The South Carolina Employees Investment Commission has approved $200m for new real estate commitments, half of which will be invested in the Torchlight Investors Debt Opportunity Fund V.
Torchlight will invest 35% of funds in securitised debt, 20% each in stapled mezzanine, distressed senior mortgages and mezzanine loans/B-notes and 5% in preferred equity, according to a report in IP Real Estate.
The fund has a targeted 13-15% net IRR, with a planned $1bn total equity raise and the manager will co-invest either 1% of committed capital or $10m.

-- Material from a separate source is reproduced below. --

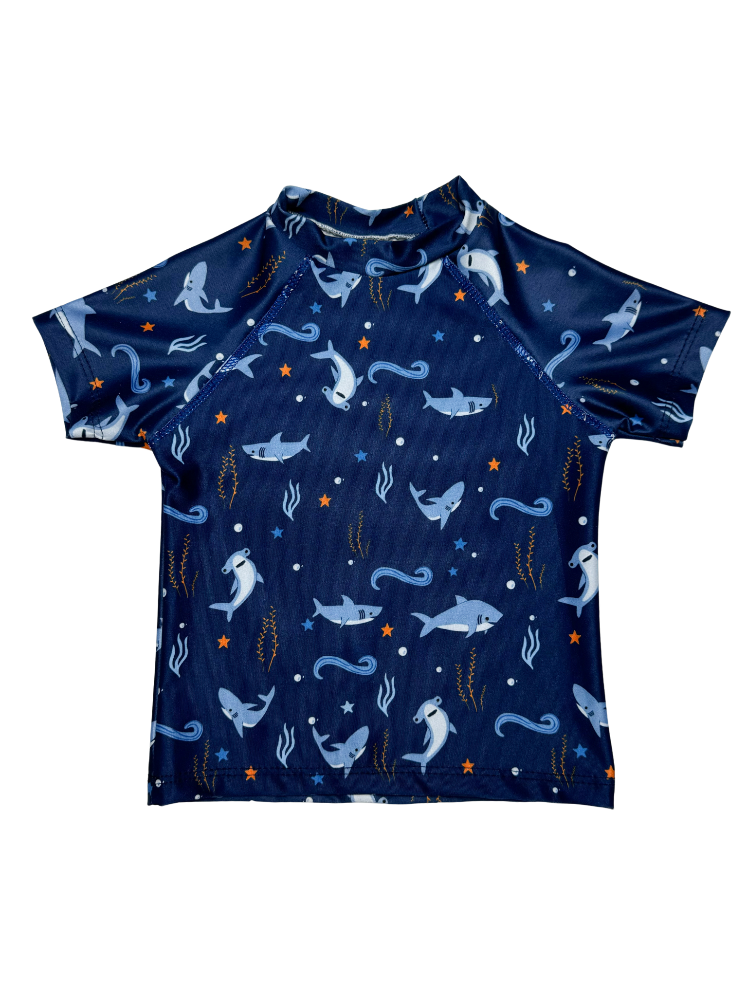 Esta remera de baño de manga corta combina estilo y protección para los días más soleados. Con un estampado marino lleno de tiburones y estrellas, es perfecta para los pequeños amantes del agua.
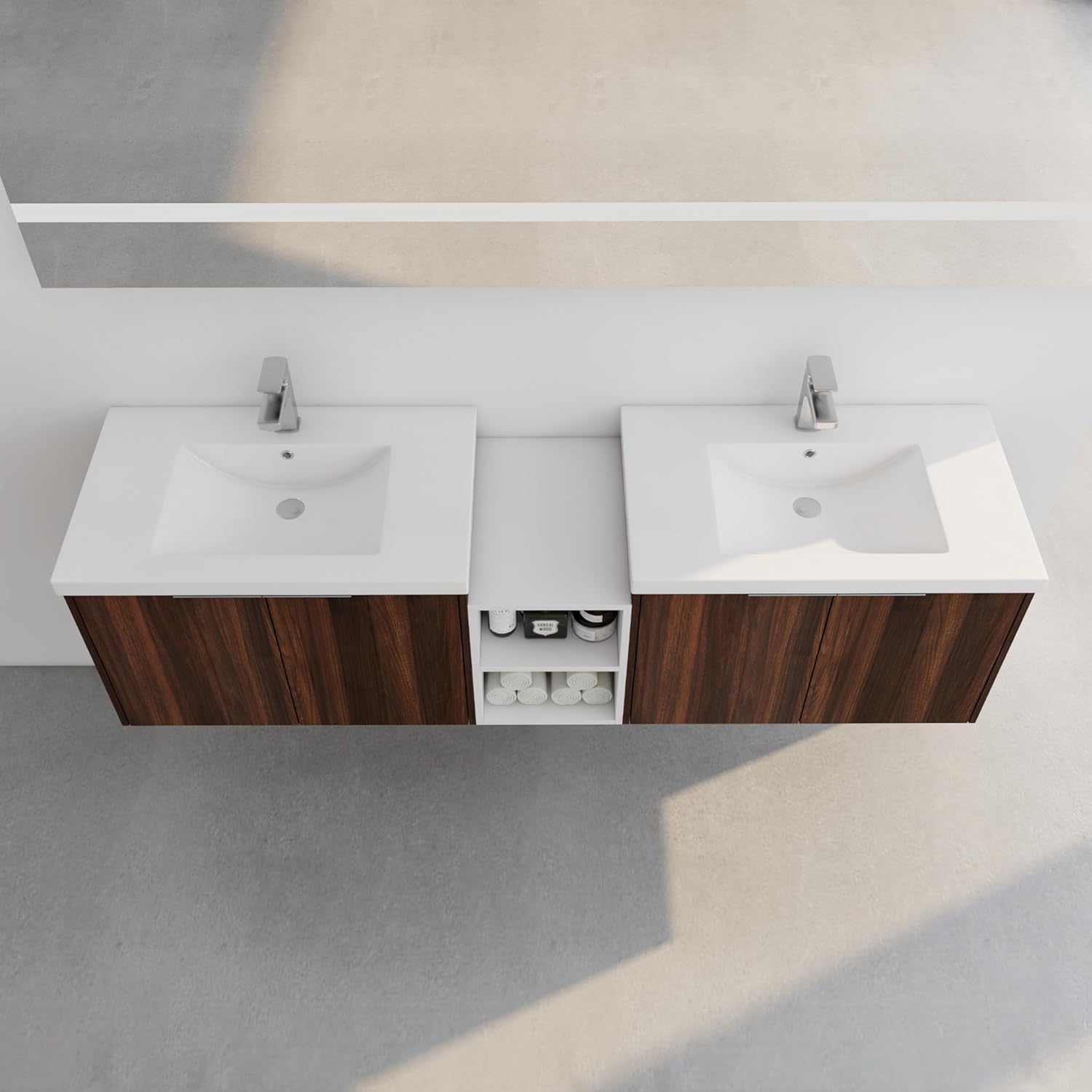 šProduct Description: Our ample two-door cabinets offer sufficient bathroom storage. The Wall Mounted design makes the product more simple and generous. The space at the bottom can be more convenient for placing dirty clothes baskets and daily cleaning. šSpecifications: 1. Material: Plywood + Ceramic Basin 3. Dimensions: (59.6 x 18.5 x 20.7)" (L x W x H) 4. Weight: 122.1lbs šPackages Included: 1. The vanity and ceramic sink are shipped in two separate packages.(Probably will be delivered at different time,please notice and hope to get your understanding,thanks.) 2. 2x Vanity Cabinets; 1x Small Storage Shelves; 2x Ceramic Basin; 4x Metal Handle šPackages Not Included: Faucet, Pop-up Drain, Drain Assembly, P-Trap, Back-splash and Mounting Bracket

Torchlight’s 20-year investment history in commercial real estate debt was one of the reasons behind the selection, according to the US pension fund, which allocated the other $100m to the Crow Holdings Realty Partners VII fund, a value-add real estate fund.
Dallas-based Crow is seeking $1.5bn for Partners VII, 50% more larger than its Fund VI, and will co-invest $100m, targeting an 11% net IRR in primary and secondary Sun-Belt markets.
Crow is targeting cash-flow investments — apartments, shopping centres, industrial and convenience stores/gas stations — for 70% of the portfolio. The remainder will be made up of more value-orientated transactions, including office buildings and hotels.
The pension fund said the investments complement its other other value-add real estate managers, including Brookfield, Greystar Real Estate Partners and TA Associates Realty.